== Description of the task ==
Copy task for the material below: print the line with "投稿文で「世界自然遺産を子ど" and every line after it to the end, exactly as written, without the pictures.

== Supplied material ==
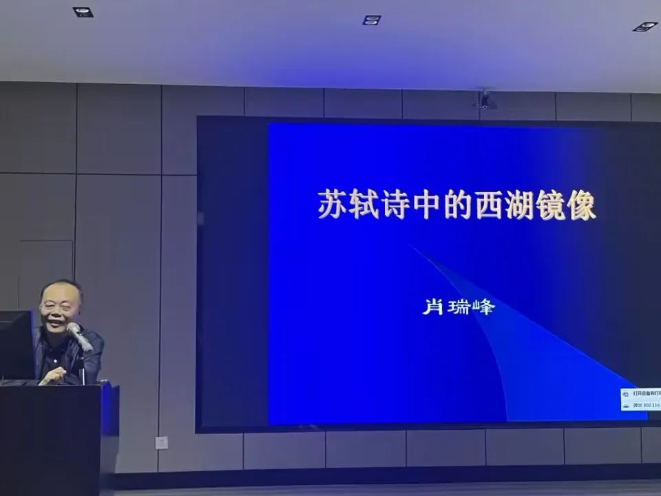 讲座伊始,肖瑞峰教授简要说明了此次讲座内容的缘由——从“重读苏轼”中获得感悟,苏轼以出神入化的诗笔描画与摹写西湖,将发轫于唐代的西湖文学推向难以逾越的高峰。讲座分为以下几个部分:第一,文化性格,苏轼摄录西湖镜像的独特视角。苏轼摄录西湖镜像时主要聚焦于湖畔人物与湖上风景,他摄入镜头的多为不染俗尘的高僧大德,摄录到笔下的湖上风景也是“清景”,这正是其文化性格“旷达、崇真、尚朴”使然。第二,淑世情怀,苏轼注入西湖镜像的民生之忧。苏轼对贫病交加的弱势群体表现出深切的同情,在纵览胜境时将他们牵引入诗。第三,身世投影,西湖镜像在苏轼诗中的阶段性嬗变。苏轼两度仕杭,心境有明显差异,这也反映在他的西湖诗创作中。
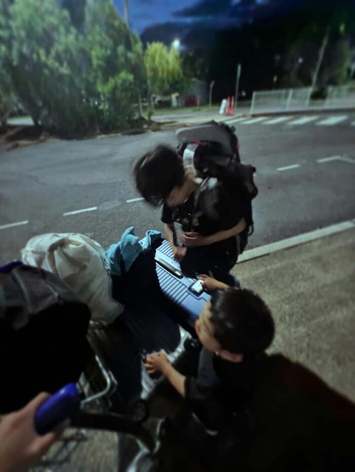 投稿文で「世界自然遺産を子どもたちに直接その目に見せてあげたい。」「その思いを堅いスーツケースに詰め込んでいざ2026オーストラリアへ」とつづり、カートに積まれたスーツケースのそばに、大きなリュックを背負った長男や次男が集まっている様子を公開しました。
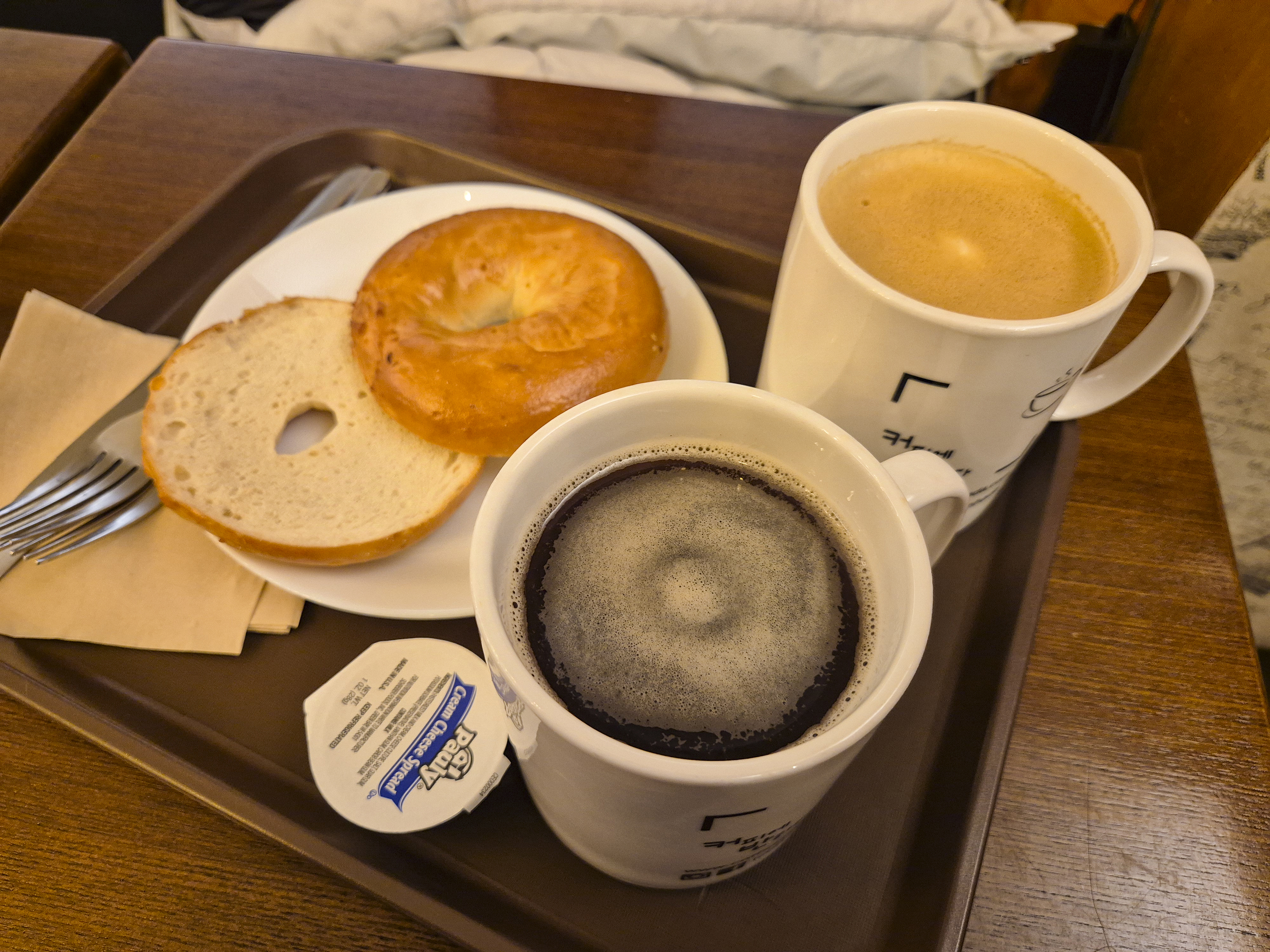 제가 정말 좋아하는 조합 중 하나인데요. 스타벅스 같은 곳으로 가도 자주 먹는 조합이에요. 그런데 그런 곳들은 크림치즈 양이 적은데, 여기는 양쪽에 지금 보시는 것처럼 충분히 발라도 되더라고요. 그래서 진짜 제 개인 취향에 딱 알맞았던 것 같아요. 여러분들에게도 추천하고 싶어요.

== Written answer ==
 投稿文で「世界自然遺産を子どもたちに直接その目に見せてあげたい。」「その思いを堅いスーツケースに詰め込んでいざ2026オーストラリアへ」とつづり、カートに積まれたスーツケースのそばに、大きなリュックを背負った長男や次男が集まっている様子を公開しました。
 제가 정말 좋아하는 조합 중 하나인데요. 스타벅스 같은 곳으로 가도 자주 먹는 조합이에요. 그런데 그런 곳들은 크림치즈 양이 적은데, 여기는 양쪽에 지금 보시는 것처럼 충분히 발라도 되더라고요. 그래서 진짜 제 개인 취향에 딱 알맞았던 것 같아요. 여러분들에게도 추천하고 싶어요.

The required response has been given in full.